As Brian Donegan from the Isle of Man Government Department of Economic Development (DED) explained to Silicon, by focusing on the premium end of the market and introducing regulations “built from the ground up,” the island was able to protect its reputation and create a regulatory quality that has become widely recognised within the e-gaming community.
This method ultimately proved successful, as industry heavyweights such as Poker Stars and Micro Gaming have since relocated to the island. “Over the last several years that has developed into a very successful cluster of e-gaming operators on the Isle of Man,” Donegan said. “Currently they are responsible for just under 20 percent of GDP, so a very significant contribution to the economy.”

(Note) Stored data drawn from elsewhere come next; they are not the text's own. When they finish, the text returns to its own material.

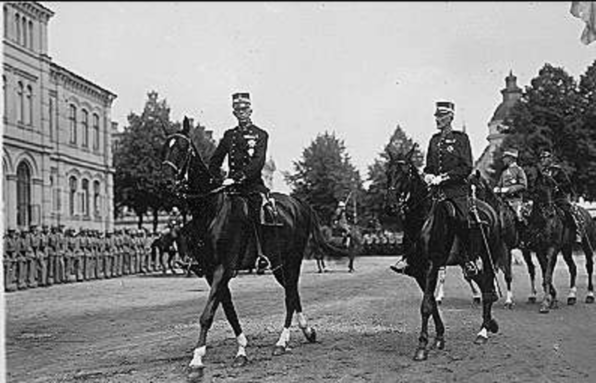 Konung Gustaf V på Königstiger framför Erik Ugglas skola i Skövde, åtföljd av kavalleriinspektören Prins Carl.
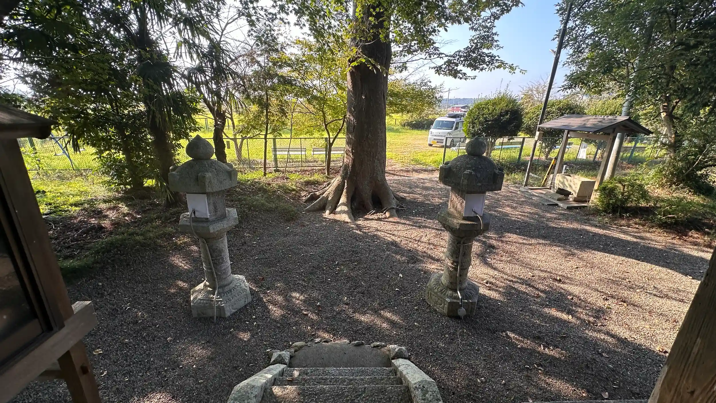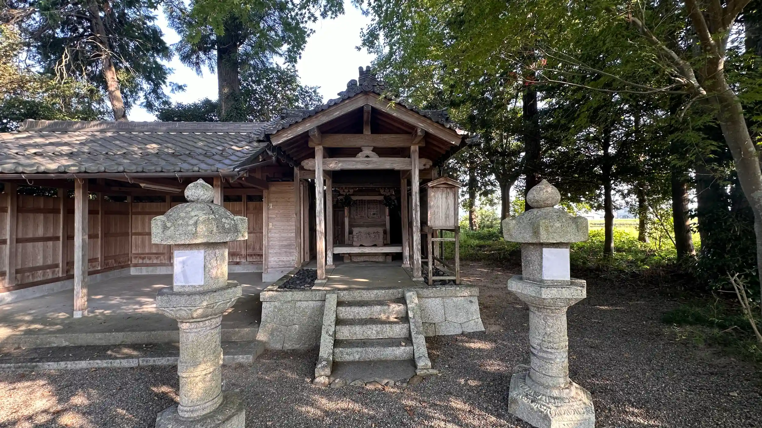 御祭神 高皇産霊尊、 天照皇大神、 素盞鳴尊 、瓊々杵尊 、誉田別尊。本殿 一間社流造、小さな集落の端に鎮座されています、少し変わった社殿の形でした。
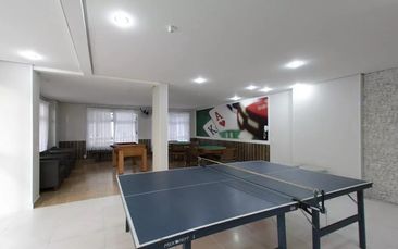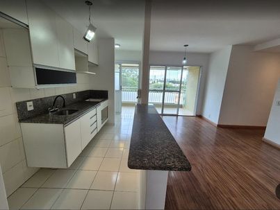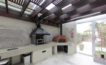 Apartamento com 78m² de área construída, 3 dormitórios sendo 1 suíte, sala para 2 ambientes, varanda gourmet com fechamento de vidro e churrasqueira a carvão, piso laminado na sala e dormitórios, cozinha americana com armários e 2 vagas de garagem.
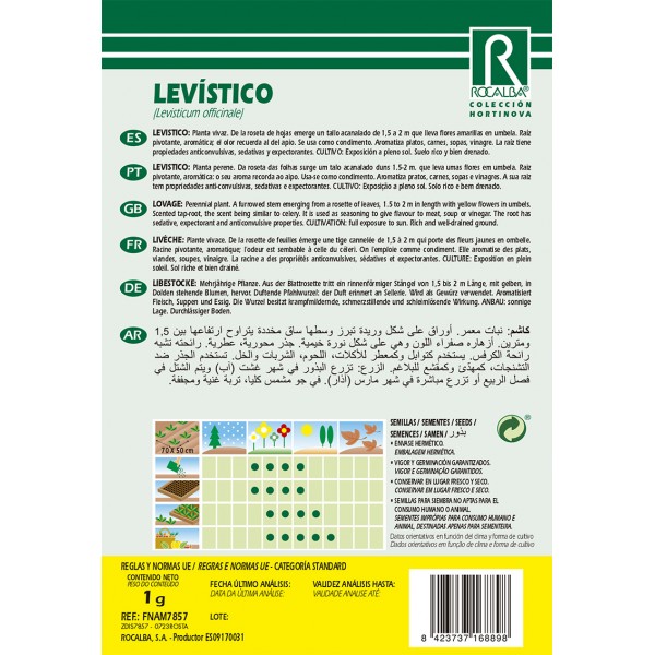 Planta vivaz. De la roseta de hojas emerge un tallo acanalado de 1,5 a 2 m que lleva flores amarillas en umbela. Raíz pivotante, aromática; el olor recuerda al del apio. Se usa como condimento. Aromatiza platos, carnes, sopas, vinagre. La raíz tiene propiedades anticonvulsivas, sedativas y expectorantes. CULTIVO: Exposición a pleno sol. Suelo rico y bien drenado.
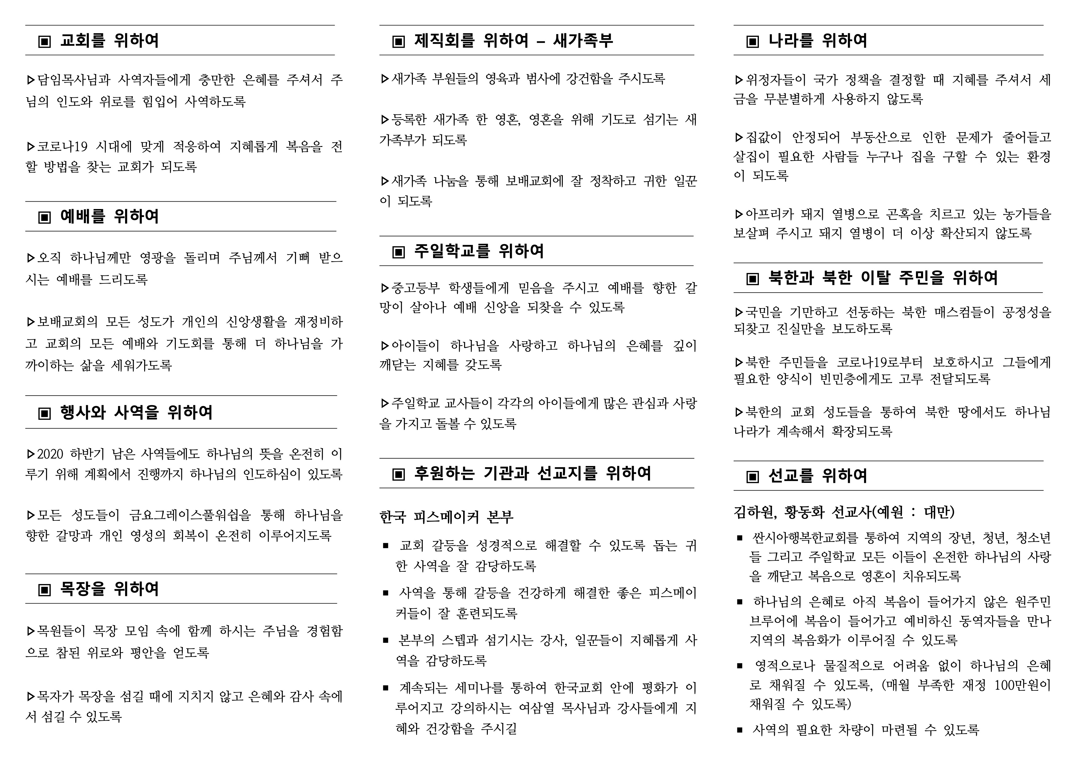 [2020년 10월 11일] 주간기도제목표

And this success is now having the knock-on effect of enticing other industries into establishing a presence of their own: “We’re starting to get the beneficial effects with other industries now being attracted to the island because of our track record,” said Donegan.
“For instance in digital currencies and blockchain a lot of businesses are looking to establish themselves in the Isle of Man simply because they looked to us and saw what we did in terms of fostering an industry around e-gaming on the early 2000’s and decided that that was something that they wanted. They are discovering some of the benefits and either moving their operations to the island, or seriously considering doing it.”
A digital cluster is also starting to form in creative industries, with an increasing prevalence of film production firms in particular continuing to gain traction, a trend that Donegan described as “a very interesting development and one that I think is set to continue for the forseeable future.”
But the island is not ready to rest on its laurels just yet, as the success of the last few years has “excited interest in other areas.” Fintech will continue to be an area of “particular interest” due to the crossover with the transaction element of e-gaming and the DED will look to replicate its existing model into other areas of digital business.
To do that, a “strong regulatory environment” will continue to be a key factor, as will the recent introduction of a £50 million investment fund for digital businesses, designed to “attract them to establish their operations on the island. In other words, to re-locate here.”
The fund is open to businesses in all industries and currently has 95 applications in the pipeline, with the first successful candidates expected to be chosen early this year.
So combine the regulatory prowess and the availability of investment funds with the fact that the island is only an hour-or-so flight away from London and the Isle of Man starts to become a viable and attractive option for businesses.
“We’re busy getting on with developing our businesses and we’re seeing a big pipeline of interest, particularly around digital,”
Donegan said. With financial services already accounting for approximately 35 percent of the island’s GDP and the industry only set to grow, the future is looking bright for the Isle of Man.